Landnámabók

Landnámabók
Eine Seite aus dem Buch

Die altisländische Landnámabók („Landnahmebuch“, Buch der Besiedlung Islands) ist eine wichtige historische Quelle der Kolonisation Islands. Der Schwerpunkt der Landnámabók liegt auf einer genealogischen Liste der großenteils norwegischen Siedler, die die unbewohnte Insel in Besitz nahmen. Heute gilt die Landnámabók nicht mehr als unbedingt verlässliche historische Quelle. Sie wurde von ihren Verfassern und Kompilatoren in historischem Bewusstsein geschrieben und muss deshalb, zumindest in emischer Perspektive, als historisch ernst genommen werden.

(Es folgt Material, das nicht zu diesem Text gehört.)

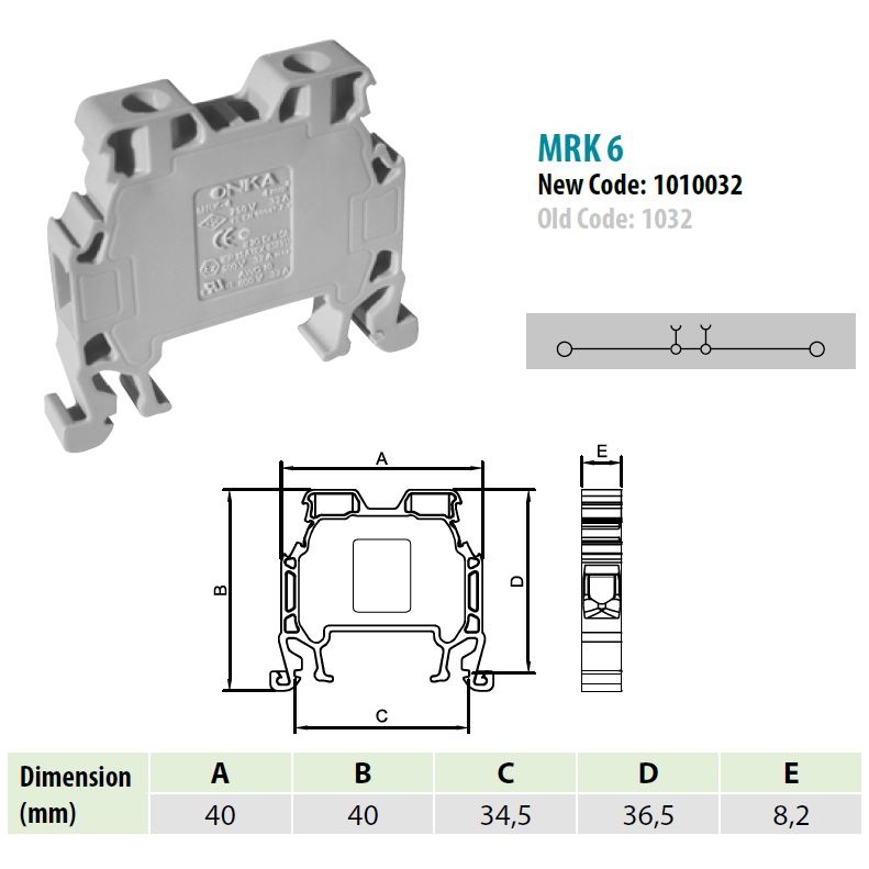 1010038 | MRK 6 | Клеммник на DIN-рейку 6мм.кв. (желтый),1038, Onka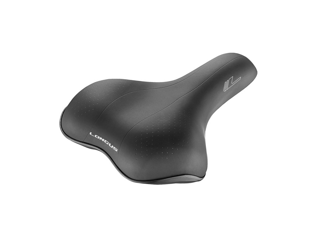 Pohodlné sedlo s výrazne zníženým stredovým pásom a kvalitným odolným zvrškom poskytuje vynikajúce pohodlie pri jazde v meste aj pri jazde v ľahkom teréne. Pod odolným polyuretánovým povrchom je vysoko pružná pena, ktorá sľubuje pohodlie už na prvý dotyk. Po obvode je sedlo chránené plastovým krytom, ktorý zabraňuje poškodeniu sedla pri páde bicykla alebo ak bicykel opriete. Pevné oceľové koľajničky zvyšujú životnosť sedla.

Die Landnámabók listet 400 skandinavische Siedler auf, die Island zwischen 870 und 930 erreichten und sich ansiedelten. Die jeweils in Besitz genommenen Ländereien werden dabei geografisch gegliedert wiedergegeben, wobei der Autor die Insel systematisch umrundet. Daneben überliefert das Buch die Grenzen der einzelnen Siedlungen, charakterisiert die Siedler, gibt biografische Anekdoten wieder und berichtet über wichtige Erlebnisse in ihrem Leben, zählt dabei Ahnen und Nachkommen bis ins 11. Jahrhundert auf. Im Gegensatz zu den literarischen Íslendinga sögur, die ihre genealogische Information der Landnámabók entnahmen, und die in erster Linie unterhalten wollen, geht es der Landnámabók um die Überlieferung historischer Ereignisse.

Die Zeitgenossen des Autors der ursprünglichen Landnámabók waren bereits in der fünften Generation Isländer. Die Datenaufnahme war auf mündliche Überlieferung (Oralität) angewiesen, deren Verlässlichkeit meist nach weniger als 200 Jahren stark von den ehemaligen Verhältnissen abweicht. Das Interesse bäuerlicher Gesellschaften an Genealogie und Deszendenz zur Legitimierung territorialer Besitzverhältnisse ist aber so stark, dass die Landnámabók dennoch eine verlässliche Quelle darstellt. Die ursprüngliche Version der Landnámabók blieb nicht erhalten. Sie wurde im 11. Jahrhundert verfasst, und man nimmt an, dass sie von Ari Þorgilsson inn frodi (1068–1148) stammt, oder dass er an deren Entstehung beteiligt war.

Die Landnámabók blieb in fünf mittelalterlichen Versionen erhalten:

  • Die älteste Version, die Sturlubók von Sturla Þórðarson (1214–1284), entstand vermutlich zwischen 1275 und 1280 und ist die einzige, die vollständig erhalten blieb.
  • Die zweite Version, die Hauksbók, wurde zwischen 1306 und 1308 von Haukr Erlendsson († 1331) zusammengestellt, ist aber nicht ganz vollständig.
  • Die dritte Version, die Melabók, kann nur mit einer gewissen Unsicherheit Snorri Markússon (1313) aus Melar in Melasveit zugeschrieben werden. Sie ist nur fragmentarisch in zwei Pergamenthandschriften erhalten. Die Melabók ist aber diejenige Version, die den ursprünglichen Text am reinsten überliefert.
  • Teile der Melabók befinden sich in der von Þórður Jónsson aus Hítardalur verfassten Þórðarbók, einer Version der Landnámabók aus dem 17. Jahrhundert.
  • Etwas älter ist die Skarðsárbók, die vor 1636 von Björn Jónsson kompiliert wurde, der für seine Version aus der Sturlubók und der Hauksbók schöpfte.

Im Epilog der Hauksbók erwähnt Haukr noch andere, ältere Fassungen, die aber nicht erhalten geblieben sind. Er erwähnt auch, dass die Ur-Landnámabók auf Ari Þorgilson und Kolskeggr Asbjarnarson zurückgehen soll, und in der Zeit um 1100 entstanden ist, die andere, die Styrmisbók, soll Styrmir Kárason († 1245) um 1220 verfasst haben; sie ist eng mit der Melabók verwandt.

Literatur

  • Islands Besiedlung und älteste Geschichte. Übertragen von Walter Baetke. Neuausgabe mit einem Nachwort von Rolf Heller. Diederichs, Düsseldorf u. a. 1967, (Thule Bd. 23).
  • Jón Jóhannesson: A history of the Old Icelandic commonwealth. Íslendinga saga. University of Manitoba Press, Winnipeg 1974, (University of Manitoba Icelandic studies 2).
  • Rudolf Simek, Hermann Pálsson: Lexikon der altnordischen Literatur. Kröner, Stuttgart 1987, ISBN 3-520-49001-3, (Kröners Taschenausgabe 490), S. 222–223.